El país que primero y mejor enfrentó el problema de consumo masivo de estupefacientes por parte de un sector de la población fue España. Paradójicamente esto es un dato poco conocido, ignorado incluso por los propios españoles. Y aquello ocurrió durante más de cincuenta años.
Durante más de medio siglo, los españoles tuvieron el control gubernamental del consumo de opio en Filipinas, archipiélago del Pacífico que fue su colonia desde 1521. La proximidad de China, país que inundó en el siglo XIX el Sudeste Asiático de consumidores de ese derivado de la adormidera, planteó a los gobernantes españoles un problema cuya única gestión siempre ha debido mantenerse en manos del Estado.
La administración española negociaba bajo contrato con los comerciantes de opio, los cuales pagaban impuestos sobre sus ventas a los chinos, único grupo étnico autorizado para comprarlo. Era la forma de mantener el control sobre aquella droga que —tengámoslo siempre presente— había introducido Inglaterra desde la India, para equilibrar la balanza de pagos de sus compras de té, sedas y porcelana en el Imperio del Centro.
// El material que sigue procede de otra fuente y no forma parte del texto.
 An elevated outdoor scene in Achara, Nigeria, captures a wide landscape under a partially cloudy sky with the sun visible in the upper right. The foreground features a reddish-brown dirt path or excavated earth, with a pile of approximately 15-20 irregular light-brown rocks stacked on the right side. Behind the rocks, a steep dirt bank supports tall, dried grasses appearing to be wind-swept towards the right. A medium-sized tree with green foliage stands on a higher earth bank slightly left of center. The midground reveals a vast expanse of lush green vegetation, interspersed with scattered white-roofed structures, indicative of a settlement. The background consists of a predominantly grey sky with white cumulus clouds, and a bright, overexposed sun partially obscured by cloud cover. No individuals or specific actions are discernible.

Pero ocurrió que en 1898 Estados Unidos declaró la guerra al gobierno de Madrid, y después de cuatro meses de conflicto bélico, España fue derrotada y Estados Unidos tomó el poder total en Filipinas; además de las islas de Guam y Puerto Rico, y durante algunos años ejerció también el control sobre Cuba.
Cuando el control de los españoles desapareció súbitamente, las importaciones de opio se incrementaron. Y una epidemia de cólera a comienzos del siglo XX, y la creencia en las propiedades astringentes del alcaloide del opio por parte de la población, generalizaron y dispararon entonces el consumo. Así, el gobierno norteamericano se encontró manejando un problema sin precedentes.
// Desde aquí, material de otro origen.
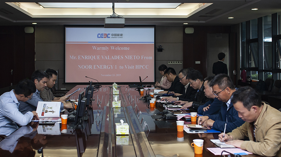 11月23日,迪拜950MW光热+光伏太阳能发电项目(Noor Energy 1 CSP-PV Project)施工经理Enrique先生到公司考察。中国能源建设集团湖南火电建设有限公司(简称湖南火电)副总经理兼总工程师欧立新代表湖南火电全体员工对Enrique先生表示热烈欢迎!

La primera solución en la que se pensó fue el restablecimiento del monopolio estatal sobre el opio, la restitución de las ventas a los chinos, y la aplicación de los ingresos a la inmensa tarea de educar a la población sobre los peligros del consumo. El proyecto de ley en tal sentido comenzó su andadura en el archipiélago, pero en el tramo final fue “electrocutado por el rayo presidencial”. La mentalidad calvinista hizo su entrada en escena.
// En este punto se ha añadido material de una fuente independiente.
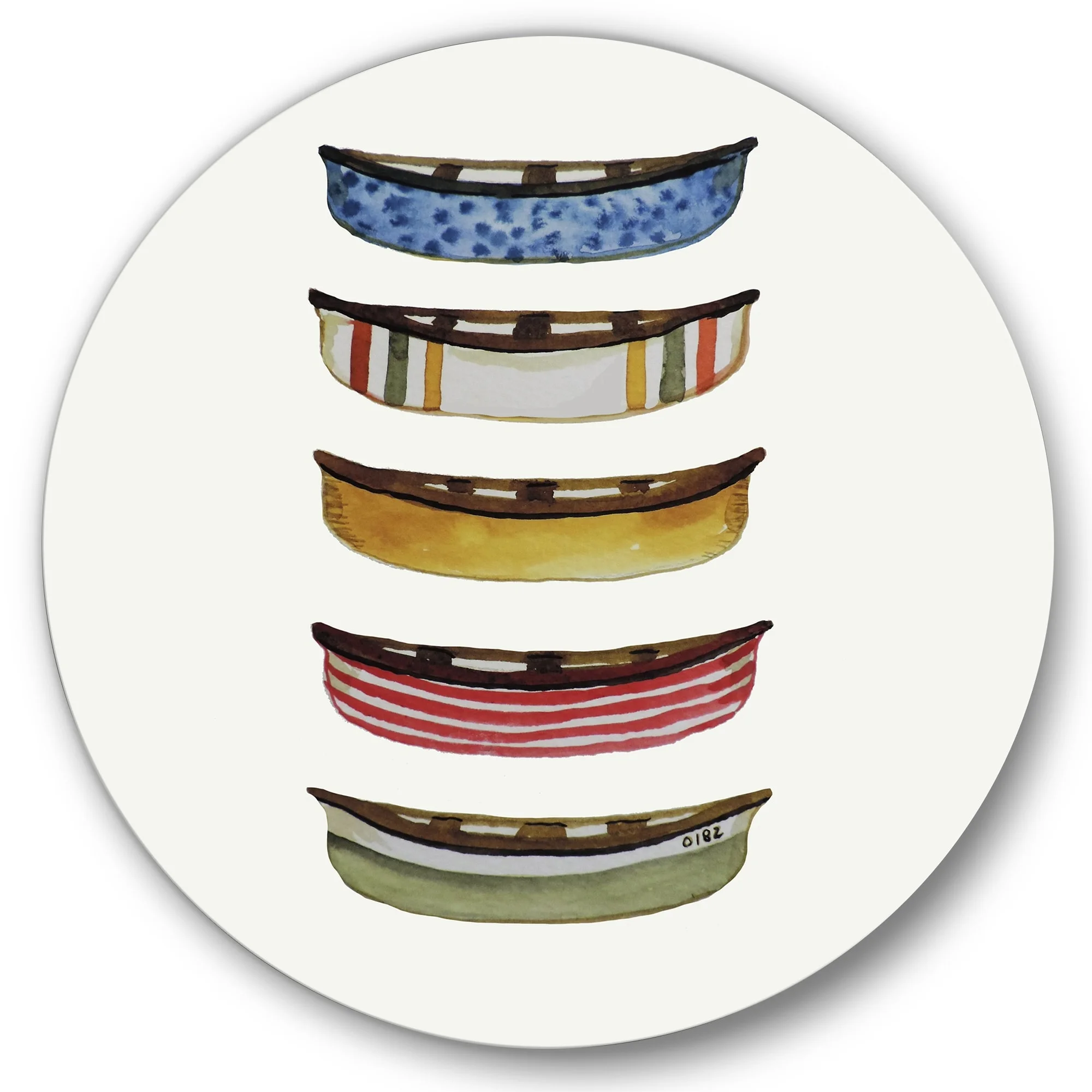 DESIGN ART Designart 'Five Canoes' Lake House Metal Circle Wall Art 23 X 23 - Disc Of 23 Inch

John Witherspoon, presidente de la Asociación de Médicos Americanos, publicó una “Oración contra los diablos en la profesión médica”. “¡Oh hermanos! Nosotros, los representantes de la profesión más grande y más noble del mundo (…) debemos (…) prevenir y salvar a nuestro pueblo de este monstruo de cabezas de hidra, que acecha al mundo civilizado, arruinando las vidas y los hogares felices…” etc. etc. En fin, ya saben, de esos trajes tenemos por aquí varios en el armario.
Y el reverendo Wilbur Crafts, líder del movimiento prohibicionista de alcohol y drogas en Estados Unidos, dijo que había oído casi por casualidad “lo relacionado con aquel ultraje a la moral, un gobierno que alcahuetea los deseos de opio de unas razas degeneradas”. Rápidamente, por carta y por telégrafo, miles de mensajes pidieron al presidente Teodoro Roosevelt que vetara el proyecto de ley, y lo demás es historia.
El destino, que a veces hace esta clase de piruetas, se encargó de llevar en las naves que atravesaban el Pacífico desde Filipinas, con los chinos que viajaron a México desde allí, las semillas de adormidera para la elaboración de hache, como denominan hoy los narcos mexicanos a la heroína. Y aquellas semillas no solo fueron el embrión de la planta en América, fueron también el germen de los carteles mexicanos, cuyos integrantes son hoy nombres de todos conocidos.
Nadie habla, sin embargo, de Lai Chang Wong, nacido al sur de China en 1869 y muerto en México en 1911. Valdría la pena detenerse a contemplar la vida de este chino como precursor del cultivo de amapola en Sinaloa, y el ciclo de lo que aquí he contado, en estos días de debate en Colombia sobre la regulación de la cocaína.